7 AM and I walk in to the overhead page of “helicopter in route with tachycardia”. I get the scoop…tachycardia, possible pacemaker gone awry?
She arrives on the helicopter gurney, smelling like an odd morning mixture of jet fuel and fresh air. Her heart rate is 190, but she sits awake, talking to us. No pain, no problems breathing. Blood pressure, pulse ox and mentation adequate. I listen to her lungs and the first think I notice is how cold and wet her skin is.
She’s in her 70s, a rheumatic heart disease survivor and proud host of a pacemaker, clearly not needed right now. She’s been tach’ing away for about 3 and a half hours now, and it’s amazing her heart has not given up yet. The community hospital tried 2 different anti-arrhythmic agents without success, but her IV access has clotted.
We now have a technically unstable ventricular tachycardia with no IV access. My staff doc helps me set things into action. A colleague places a femoral venous line while the change of shift docs and nurses all watch and wait. We can’t do anything until he has access and we all hope that she doesn’t crump in the next 10 minutes. He’s successful, and I get the rest of things into action..code cart, sedation meds, informed consent. We sedate her, I charge up the paddles, placing them on apex and sternum. Here’s the part that everyone likes to hear. I announce to the 1,2,3,4, 5,6,7 maybe 8 doctors and nurses in the room…”CHARGING…EVERYONE CLEAR!” Nick walks right into the bed and someone shouts at him. I look around the room, leaning on the paddles enough to deform her chest and be sure I get a good current flow. I announce again, “SHOCKING ON THREE, EVERYONE CLEAR!” I look at the perimeter of the bed and make sure no one is touching. I look at my legs and make sure I’m not leaning on the bed. “ONE, TWO, THREE…” Just before I press the button, I notice that her pendulous left breast hangs over the paddle and is touching my right thumb. Shit. It’s too late and I hope for the best, wondering if a think latex glove will insulate me. I press the discharge buttons simultaneously. There is an eerie silence and pause while all eyes are on her bared chest. The machine is waiting for just the right time in her electrical heart storm to deliver the shock that I’m waiting for as well. An unsatisfying ‘click’ from the paddles is followed by the TV-like jolt to the patient’s chest as she breifly pops up off the bed and crashes back down.

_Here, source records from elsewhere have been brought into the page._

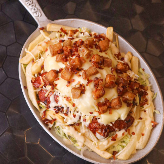 Pulpa de cerdo, salchicha, chorizo argentino en una reduccion de salsa BbQ, con papas fritas, queso fundido, salsa de la casa, coronado con Trozos de Chicharron y tocineta Chunch. Ideal para dos personas
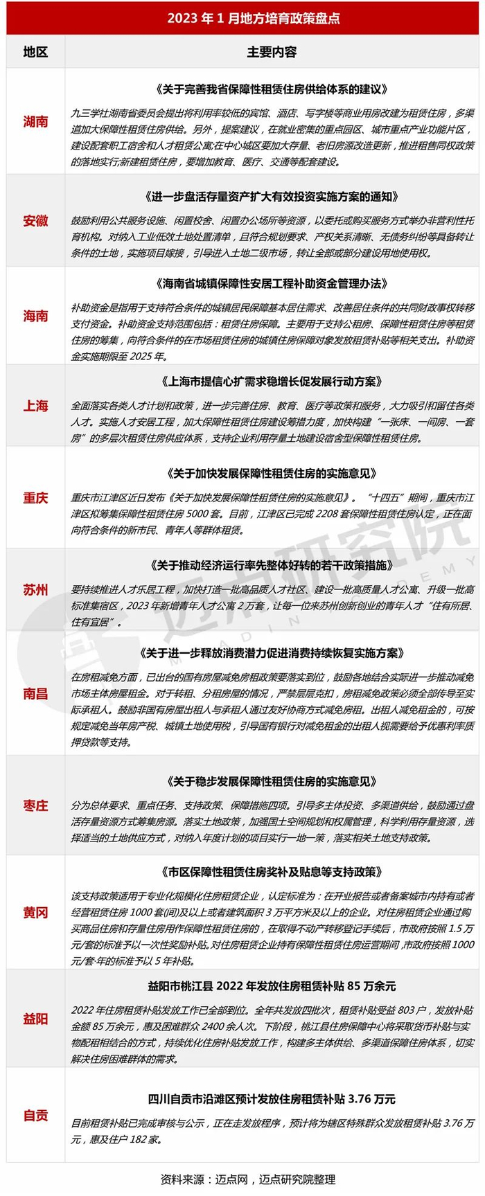 1月,地方政府加大保障性租赁住房建设筹措力度,持续优化住房补贴发放工作,构建多主体供给、多渠道保障住房体系。在市场培育方面,湖南、安徽强调多渠道加大保障性租赁住房的供给;上海、苏州从吸引人才和留住人才的角度加快构建人才安居工程;益阳市桃江县、四川自贡市沿滩区做好住房租赁补贴审核发放工作,以构建多主体供给、多渠道保障住房体系,持续优化住房补贴发放工作,构建多主体供给、多渠道保障住房体系,切实解决住房困难群体的需求。
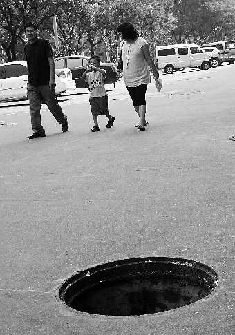 5日,记者在文化中路—路段发现,路上—下水道井盖丢失,附近没有任何提醒路人危险的提示牌。井深—米多,除污水外,井内有各式垃圾,还有两根尖利的木棒。
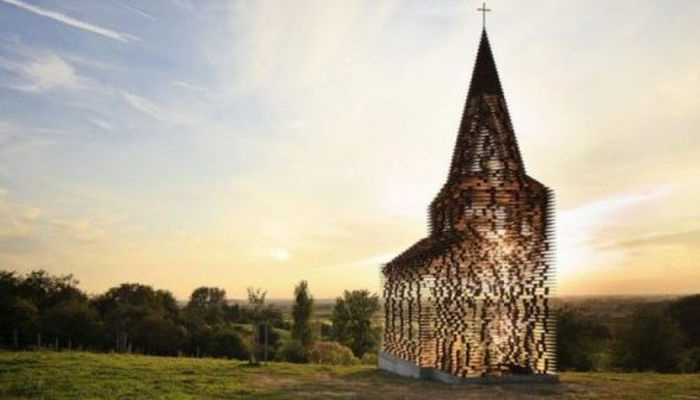 Во многих европейских городах соборам отведено центральное место, они тесно взаимосвязаны с их историей. Однако в наше время многовековые церкви сегодня становится все сложнее заполнить свои скамьи верными прихожанами, и все чаще они признаются скорее туристическими достопримечательностями, чем местами поклонения. Чтобы обратить внимание на людность и одновременно обесценивание соборов, архитекторы Петерьян Гийс и Арну Ван Ваеренберг (Pieterjan Gijs, Arnout Van Vaerenbergh) построили в городе Борглоон, Бельгия, очень необычную современную церковь. Проект получил название «Читая между строк», и по задумке его авторов эта церковь одновременно и есть, и нет.
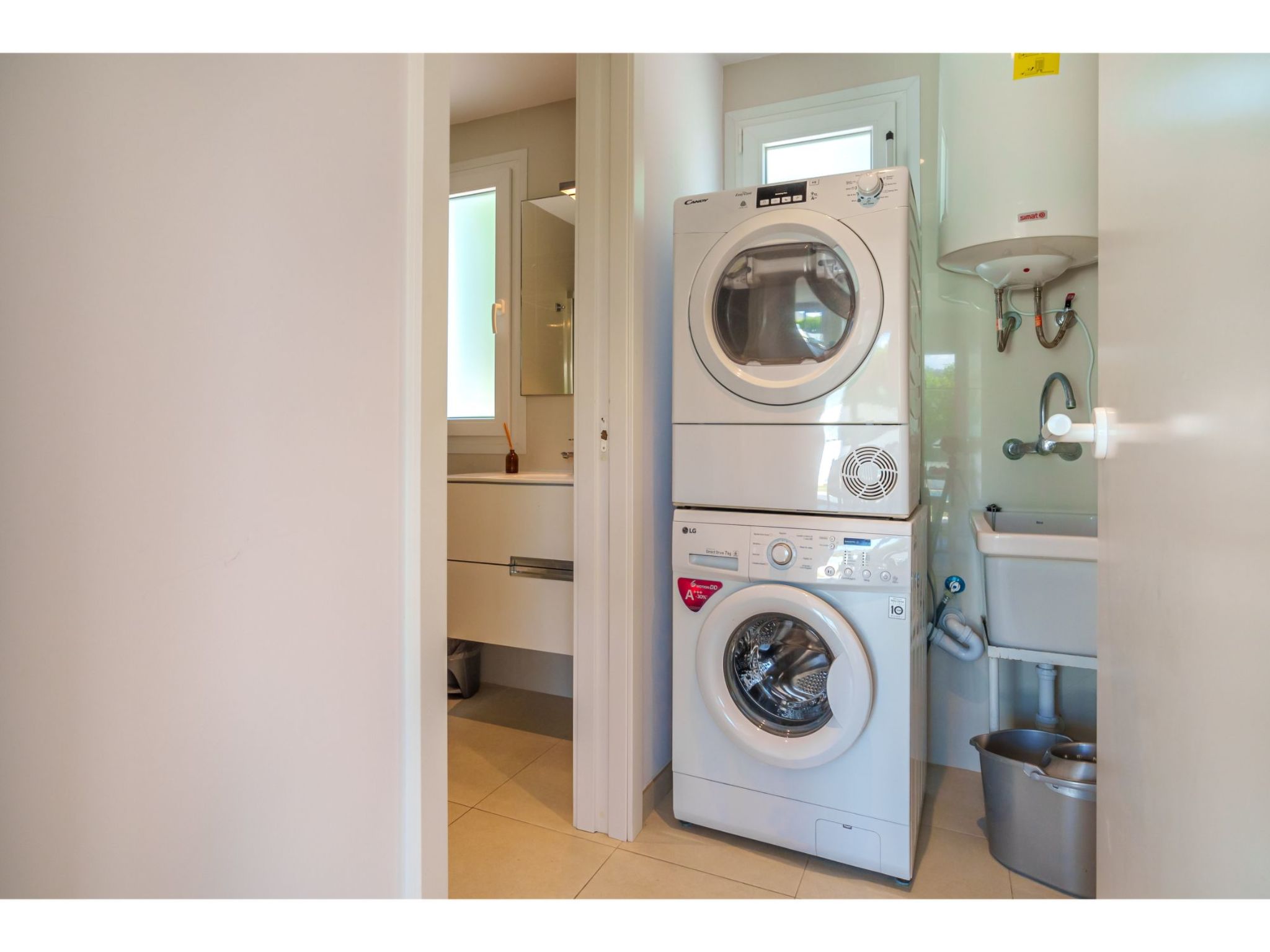 "Villa del Lago 4", 4-Zimmer-Doppelhaushälfte 110 m2 auf 2 Stockwerken. Objekt geeignet für 6 Erwachsene. Sehr komfortabel und stilvoll eingerichtet: offenes Wohn-/Esszimmer mit Schiebetür, Panoramafenster mit Esstisch, Digital-TV, Flachbildschirm, Klimaanlage und Warmluftheizung. Ausgang zum Gartensitzplatz, zum Schwimmbad. Offene Küche (Backofen, Geschirrspüler, 3 Glaskeramikherd Platten, Toaster, Wasserkocher, Mikrowelle, Tiefkühler, elektrische Kaffeemaschine) mit Esstisch, Klimaanlage und Warmluftheizung. Ausgang zum Gartensitzplatz, zum Schwimmbad. Bad/Dusche/WC. Obergeschoss: 2 grosse Doppelzimmer mit Schiebetür, Panoramafenster, jedes Zimmer mit 1 franz. Bett, Klimaanlage und Warmluftheizung. Ausgang zum Balkon. 1 Zimmer mit Panoramafenster mit 1 Ausziehbett (2 x 90 cm), TV, Klimaanlage und Warmluftheizung. Bad/Dusche/WC. Grosser Balkon, Gartensitzplatz, Rasen, Laube. Terrassenmöbel, Balkonmöbel, Liegestühle. Schöne Sicht auf den See, die Berge und den Kanal. ETV14345

We all turn back towards the monitor, fingers crossed, holding our breath…flat-line. Then one heart beat, followed by another and another, each with a nice healthy 1 second pause intbetween.

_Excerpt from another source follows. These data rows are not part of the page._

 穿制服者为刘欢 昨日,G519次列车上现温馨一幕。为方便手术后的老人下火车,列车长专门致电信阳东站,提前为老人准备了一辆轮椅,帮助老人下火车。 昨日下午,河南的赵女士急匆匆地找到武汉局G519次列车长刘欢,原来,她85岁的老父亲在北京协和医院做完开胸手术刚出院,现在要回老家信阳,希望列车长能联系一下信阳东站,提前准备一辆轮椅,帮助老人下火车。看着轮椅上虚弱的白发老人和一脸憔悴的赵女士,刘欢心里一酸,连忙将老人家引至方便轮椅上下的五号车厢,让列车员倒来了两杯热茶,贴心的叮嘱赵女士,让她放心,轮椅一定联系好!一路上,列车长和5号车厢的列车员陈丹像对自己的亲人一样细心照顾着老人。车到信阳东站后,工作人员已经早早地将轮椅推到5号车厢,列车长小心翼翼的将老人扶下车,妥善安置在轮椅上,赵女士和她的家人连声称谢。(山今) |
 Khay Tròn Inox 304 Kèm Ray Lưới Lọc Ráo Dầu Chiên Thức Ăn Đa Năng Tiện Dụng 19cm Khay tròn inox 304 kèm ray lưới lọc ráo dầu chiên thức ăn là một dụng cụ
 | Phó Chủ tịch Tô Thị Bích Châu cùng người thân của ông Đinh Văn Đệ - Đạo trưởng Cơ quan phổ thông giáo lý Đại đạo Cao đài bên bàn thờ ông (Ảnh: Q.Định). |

With a little electricity, I’ve converted this woman’s heart from a life threatening chaotic bag of congealing blood to an miracle of life…contracting in synchrony with itself, delivering red blood cells and oxygen to her brain.

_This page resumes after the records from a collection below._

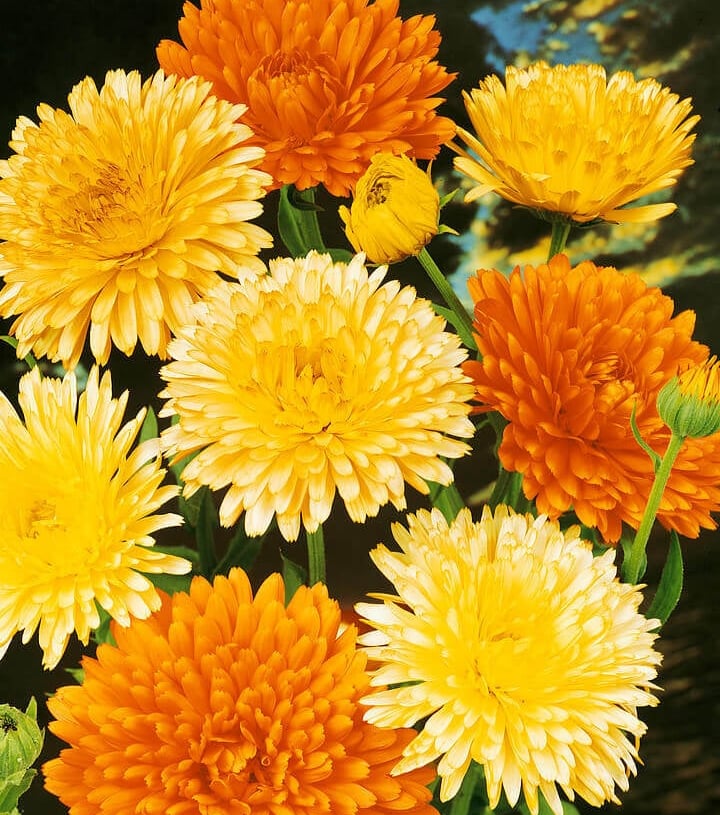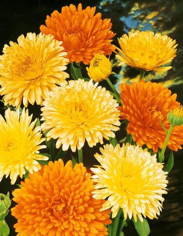 Calendula are actually short-lived tender perennials. In Canada grow as an annual. Blooms vary in size from 2.5 cm to 10 cm in a range of colours, from yellow, to orange, apricot, and cream. Growing conditions affect colour, flower form, size, and bloom longevity.
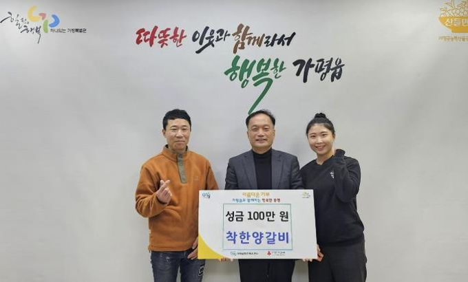 [ 중앙뉴스미디어 ] 가평군 가평읍 경춘로 소재 착한양갈비는 지난 19일 행정복지센터를 방문해 이웃돕기 성금 100만 원을 기탁했다.
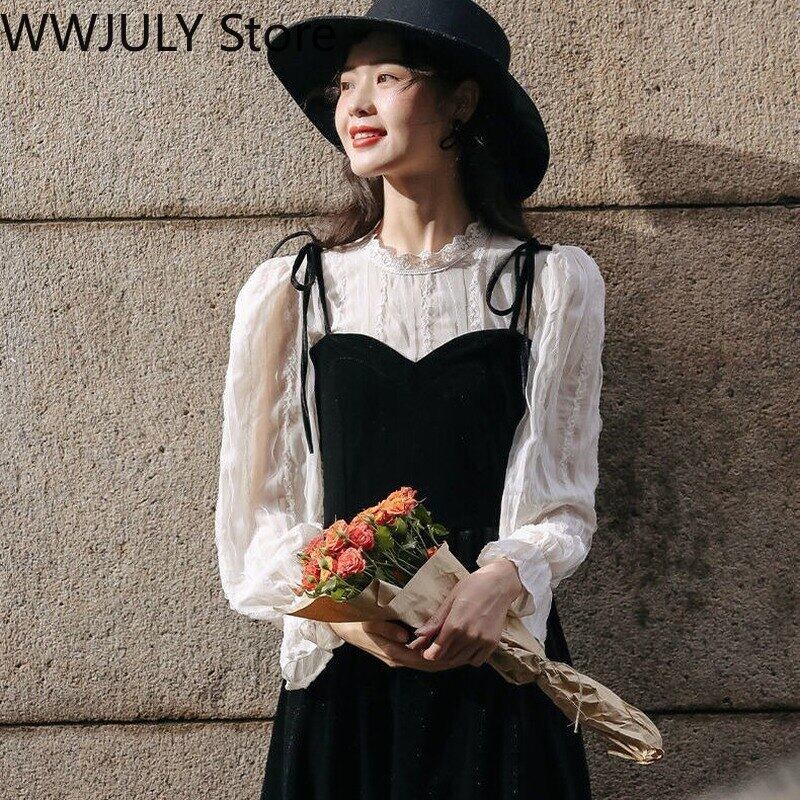 ロング ブラック 長袖 オータム 秋物 ビンテージ アリエクWWJULYストア41517601352
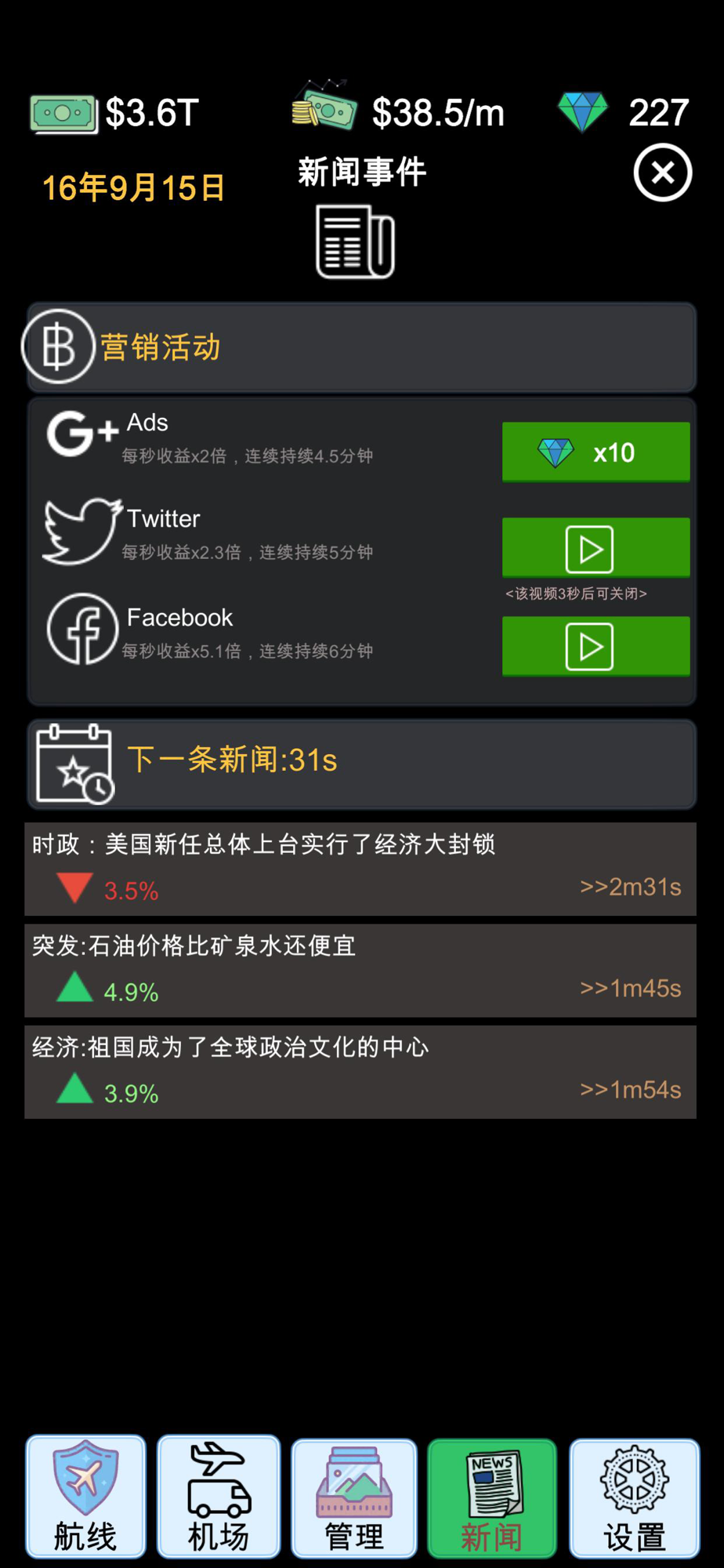 3、文字剧情设定自由,每个玩家都能按自己的想法打造航空公司,做到业内第一!

She wakes up about 2 minutes later and doesn’t remember a thing. Her chest has been covered back up by now. We sit her up and she is smiling. The color returns to her face, her skin is warm and dry. I feel immensely satisified at my performance and her response. I look at her EKG tracing over and over as if I’m re-reading a blog post I’m especially proud of. With each slow beat of her heart, I can feel my own confidence building. I’ve just performed on a real patient the exact scenario i lectured our interns about last month in their first formative days of their residency.
I’m still insecure, but somehow, I know the intern thinks I’m a cool headed physician. The medical student summarizes the immense knowledge gap that has taken place over the past 2 years when she asks me, “What just happened?”